Il minerale principalmente estratto era la magnetite, mentre in misura minore vi si trovavano limonite ed ematite. Vi è stato trovato anche il rame sia in forma nativa che in altre mineralizzazioni (malachite e azzurrite, soprattutto), e nel cantiere Vallone vi si aprivano in passato le Grotta Rame e Grotta dell'Ebreo. Per questa ragione è fondato il sospetto che in tempi molto antichi in questa zona avvenisse l'estrazione di rame prima ancora di quella del ferro. In questa miniera sono stati scoperti anche due nuovi minerali: la minguzzite (nel cantiere Vallone) e la bonattite (a Macei). Moltissimi sono gli edifici, attualmente abbandonati, che punteggiano la miniera: il palazzo, sede degli uffici minerari locali, la costruzione a piani degradante verso il mare della laveria,i piani inclinati, le polveriere, etc.

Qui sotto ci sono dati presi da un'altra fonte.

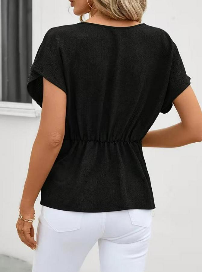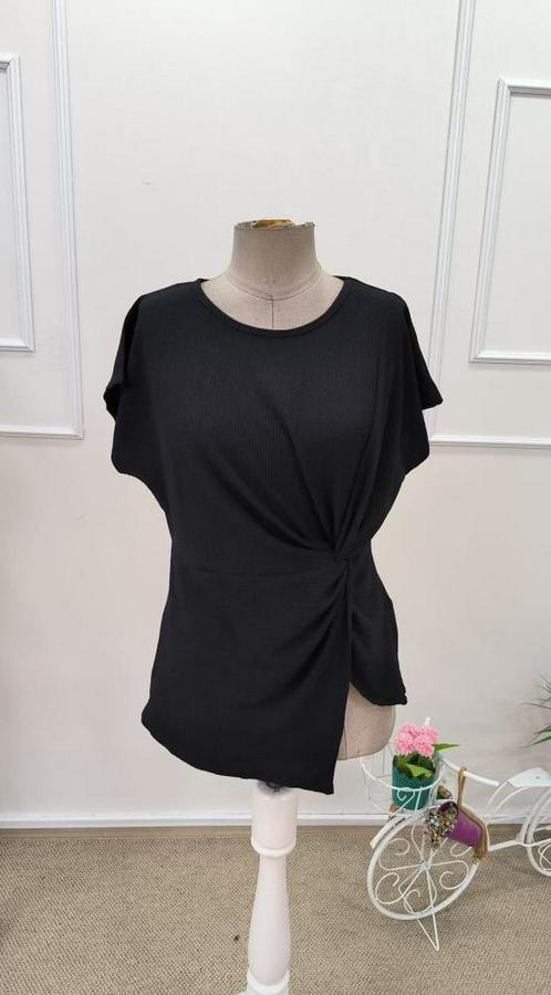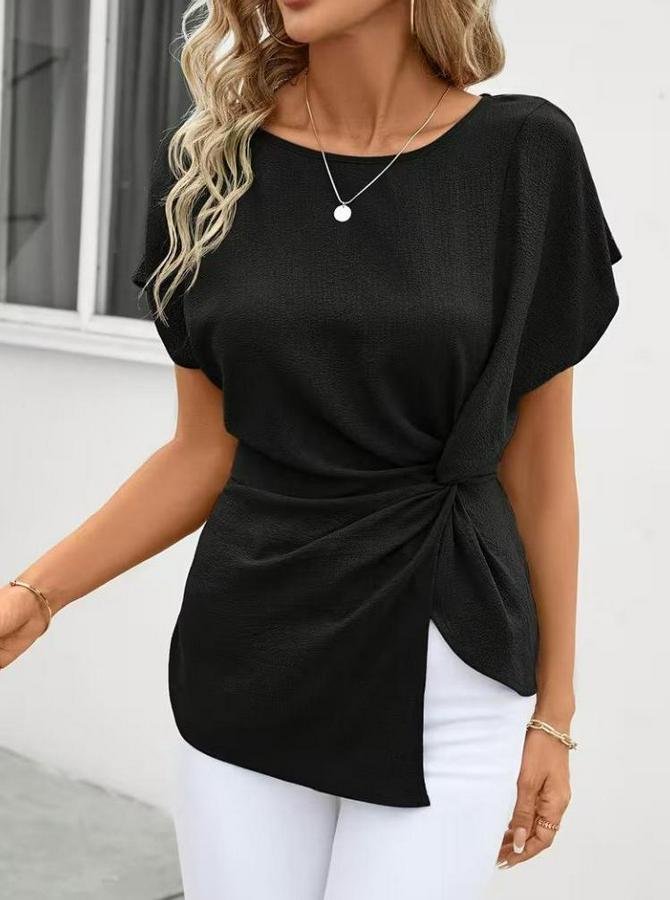 AnasayfaTüm ÜrünlerÜst GiyimBluz & TunikBluzKısa Kollu Yuvarlak Yakalı Yandan Sarmal Detaylı Bürümcük Bluz

Dalla fattoria Ripalte una deviazione che scende verso il mare ci porta al Ginevro, una zona di estrazione incassata in una valle tra i fianchi delle coste rocciose.

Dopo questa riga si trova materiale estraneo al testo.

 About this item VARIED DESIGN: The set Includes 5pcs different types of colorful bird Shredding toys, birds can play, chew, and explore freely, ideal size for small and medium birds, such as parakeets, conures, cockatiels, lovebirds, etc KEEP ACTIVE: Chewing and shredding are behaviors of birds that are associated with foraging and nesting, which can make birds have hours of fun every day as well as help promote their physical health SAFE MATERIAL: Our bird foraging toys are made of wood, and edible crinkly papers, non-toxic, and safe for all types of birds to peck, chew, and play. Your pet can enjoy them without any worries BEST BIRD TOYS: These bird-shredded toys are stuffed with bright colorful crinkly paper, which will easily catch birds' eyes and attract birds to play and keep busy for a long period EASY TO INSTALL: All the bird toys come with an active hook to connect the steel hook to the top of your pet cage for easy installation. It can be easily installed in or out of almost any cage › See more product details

Ginevro è l'unica miniera elbana in cui è stata intrapresa un'escavazione in galleria. Inizialmente lo sfruttamento è avvenuto in superficie e a gradoni come per tutte le altre. I primi scavi sono attestati alla fine dell'Ottocento, ma i lavori più massicci sono iniziati tra le due guerre: dal 1928 al 1969 ancora a cielo aperto, in seguito fino alla chiusura del 1981 in galleria, fino a toccare quota -54 metri. Il minerale estratto era la magnetite. Gli impianti, attualmente in manutenzione conservativa, erano tra i più moderni in Europa. Il minerale veniva "appezzato" nel frantoio della galleria, portato in superficie tramite un ascensore a gabbia, passato sotto silos, caricato su nastro trasportatore fino alla laveria per poi essere imbarcato. Sassi Neri è la miniera più piccola, tanto che sarebbe più appropriato chiamarlo cantiere se non fosse distante dalla altre due cave. Si trova lungo la strada che dalla fattoria delle Ripalte scende verso Straccoligno, in un tratto di costa di selvaggia bellezza.

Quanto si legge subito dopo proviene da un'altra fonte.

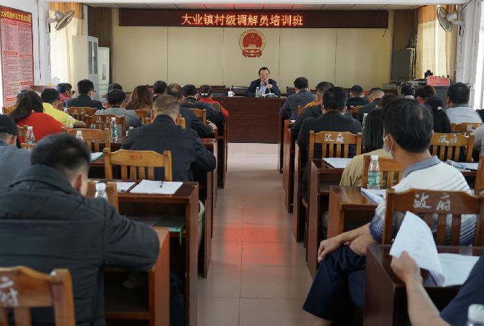 培训班上,大业司法所所长梁树伟进行授课。梁树伟主要围绕村(社区)人民调解组织的性质、地位和人民调解工作的基本方法、调解技巧、调解协议书的制作等业务知识进行重点讲解培训,并结合调解案例进行详细的调解技能指导,旨在提高“两委”干部的培训效果,确保他们听得懂、用得上、懂变通。此外,梁树伟还与大家一起学习了调解工作中适用的法律法规。

La sua caratteristica principale è il laghetto artificiale che si è formato nella conca di scavo. Meno noto di quello di Terranera è però inquadrato in uno scenario naturale molto più verdeggiante. I lavori sono iniziati nel 1935 e sono terminati nel 1980. La zona soprastrada è stata invece sfruttata fino al 1958. Anche qui il minerale scavato era la magnetite, mentre vi sono stati trovati cristalli di ilvaite, pirite e goethite. Dalla cessazione dei lavori le miniere sono state pressochè lasciate all'abbandono (a parte il Ginevro che, come detto, è in manutenzione conservativa). Adesso sono in attesa di un rilancio turistico: interventi che le rendano fruibili ai visitatori e terreno di studio per scienziati, certo, ma anche monumento perenne al lavoro, alla fatica, agli infortuni, alla vita e alla morte di generazioni di cavatori che qui hanno lasciato interi mesi della loro esistenza, invecchiando precocemente.